I was raised a pretty nominal Catholic. Yeah, we went to Mass regularly on Sundays and for Christmas up through high school, but I'd never heard of holy days of obligation until somewhere in college (I think). We observed a lighter Lent (we were let off the hook on Sundays) but none of us three kids got confirmed until adulthood.
I guess I was the most observant of us kids as, when I was home from college, I would go to Mass with my mom the once a month minimum that she asked without a lot of gnashing teeth or whining. I never saw her or my dad ever go to confession. The closest is when my mom goes to the communal penance services during Advent and Lent, though she doesn't take advantage of the opportunity for individual reconciliation.
So I was Catholic, I guess. I would have called myself "a recovering Catholic" if you'd asked.

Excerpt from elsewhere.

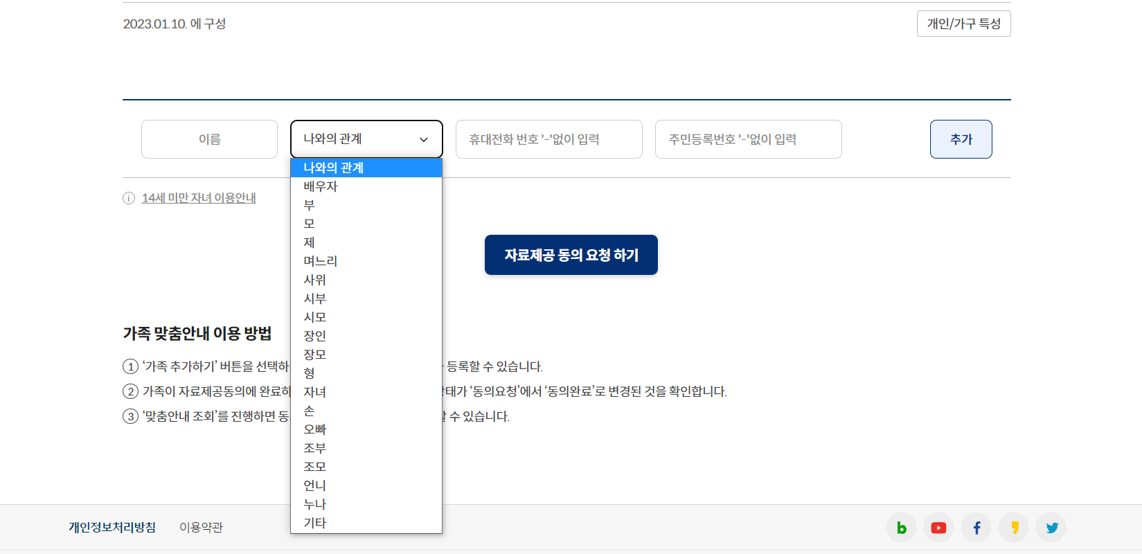 - 동일세대 14세 미만가족은 따로 추가가 안되니 참고하세요. 동일세대기 때문에 추가하지 않아도 조회가 됩니다. (저는 추가했다가 다시 삭제했습니다.)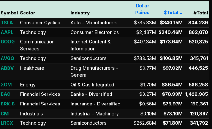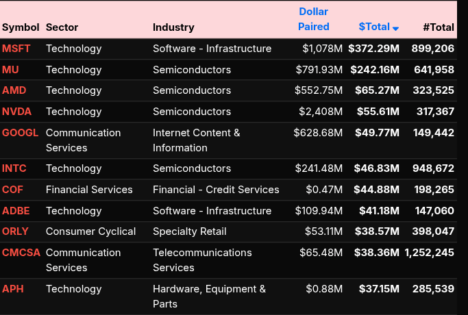 On the single-name level, the close was dominated by large, liquid symbols. MSFT, MU, AMD, NVDA, and AAPL all featured prominently, underscoring institutional rebalancing rather than event-driven spikes. Several of these names showed dollar-paired flows large enough to suggest wholesale execution, even where net results were modest.

Somewhere along the way, though, it started to matter. Dale and I had been dating about six months and I was talking about him with a friend's mom. Mind you, she's not Catholic but is a very devout Christian (evangelical, I think). She had some words of wisdom for me: "Heather, have you talked about religion with him? I know your faith means a lot to you." Actually, I hadn't realized it did until that moment. You can take the girl out of the Church, but you can't take the Church out of the girl.
I asked Dale about religion and we agreed that it was important for a family and children. We agreed that both parents should be the same faith to avoid confusion for the kids. My next question, a little nervously, was, "Would you be willing to be Catholic?" (He was raised more loosely Methodist than I was Catholic.) His reply? "I can think of worse things," in such a tone that he'd be willing to investigate it.
Investigate it he has and continues to do. Yes, I'm the cradle Catholic but he's the one I go to with questions. He has no less than 8 two-inch binders of information he's printed up from the Catholic Encyclopedia, Catholic Answers, and other sources in answer to his questions. He has accumulated at least 7 shelves of books to explain things he wondered. He goes to confession every other week or he does not take Communion in Mass. He can tell me what was decided at the Councils of Trent, Nicaea, et cetera and when those occurred. He is a paragon of Catholic example and here's the stunning part for Father McCloskey: he's the convert! Not I!
HE has motivated ME to investigate beyond "We just do it that way because we always have;" my 1970's formation classes of crayons and glitter; my former indifference to the music and sacrament and liturgy; my crumbled distrust of the Catholic "patriarchy." HIS knowledge, curiosity and respect have taught me so much!
It hurts me sometimes when I think about his offhand mention that sometimes he feels shortchanged. We've both heard of the days of "smells and bells," lots of drama and awe, whispered rosaries and covered heads. Now we come to Mass with teenagers in spaghetti straps and jeans, chewing gum with their hands in their pockets. We see 9- and 10-year-old kids standing on the pews, leaning on grandparents who read the bulletin during the homily. We see the (maybe?) ten people coming for confession every week and the sparsely populated Holy Day masses.
Still he comes. I come as much out of habit; he comes out of love. That's why the converts are so vocal, Fr. McCloskey. THEY are not coming out of habit but out of love.